Tanoto Foundation dan Yayasan Cipta Perkuat Kapasitas TP3S KLU untuk Aksi Konvergensi Penurunan Stunting 

Wakil Bupati Lombok Utara Kusmalahadi Syamsuri, ST., MT, foto bersama peserta dan narasumber Lokalatih Penguatan Kapasitas Tim Percepatan, Pencegahan, dan Penurunan Stunting (TP3S) lintas OPD Kabupaten Lombok Utara (KLU). Selasa (5/12/2025).

Lombok Utara (NTB) Utarapos.com – Tanoto Foundation melalui Yayasan Cipta mengadakan Lokalatih Penguatan Kapasitas Tim Percepatan, Pencegahan, dan Penurunan Stunting (TP3S) lintas OPD Kabupaten Lombok Utara (KLU). Kegiatan ini merupakan langkah awal pelaksanaan Aksi Konvergensi sesuai Petunjuk Teknis (Juknis) 2024 yang digelar di Aula Dinas Kesehatan KLU dan dibuka secara resmi oleh Wakil Bupati Kusmalahadi Syamsuri, ST., MT, pada Selasa (5/12/2025).

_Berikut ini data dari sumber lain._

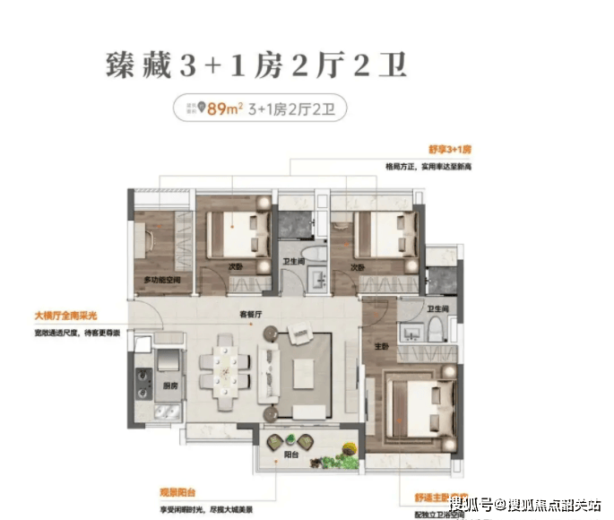 建面约89㎡四房两卫户型,延续了项目高实用率的特点,同时在空间通透度上做了进一步提升,能够满足多成员居住的私密性需求,适配人口稍多的刚需家庭。

Kegiatan yang menghadirkan narasumber Sekretaris TP3S Bappeda Provinsi NTB, Denny Apriyanto, S.Gz., M.Gizi tersebut juga dihadiri Kepala Dinas Kesehatan dr. H. L. Bahrudin, M.Kes., Kepala Dinas Kominfo Haerul Anwar, S.Kom., para camat se-KLU, dan undangan lainnya.

Lokalatih ini menjadi tindak lanjut dan pembelajaran dari program pendampingan teknis percepatan penurunan stunting yang telah berlangsung sejak tahun 2021.

Dalam arahannya, Wakil Bupati Kusmalahadi menyampaikan bahwa meski angka stunting di Kabupaten Lombok Utara menunjukkan tren penurunan signifikan, KLU masih tercatat sebagai salah satu daerah dengan angka stunting tertinggi di NTB. Beberapa kecamatan masih menghadapi tantangan dengan angka stunting yang di atas rata-rata kabupaten, serta perbedaan data antara SSGI/SKI dan E-PPGBM yang menjadi hambatan.

“Sejak 2021, KLU mendapat pendampingan teknis dari Tanoto Foundation dan Yayasan Cipta, menghasilkan sejumlah capaian penting termasuk strategi komunikasi perubahan perilaku serta modul dan buku saku untuk tokoh agama dan adat,” jelas Wabup.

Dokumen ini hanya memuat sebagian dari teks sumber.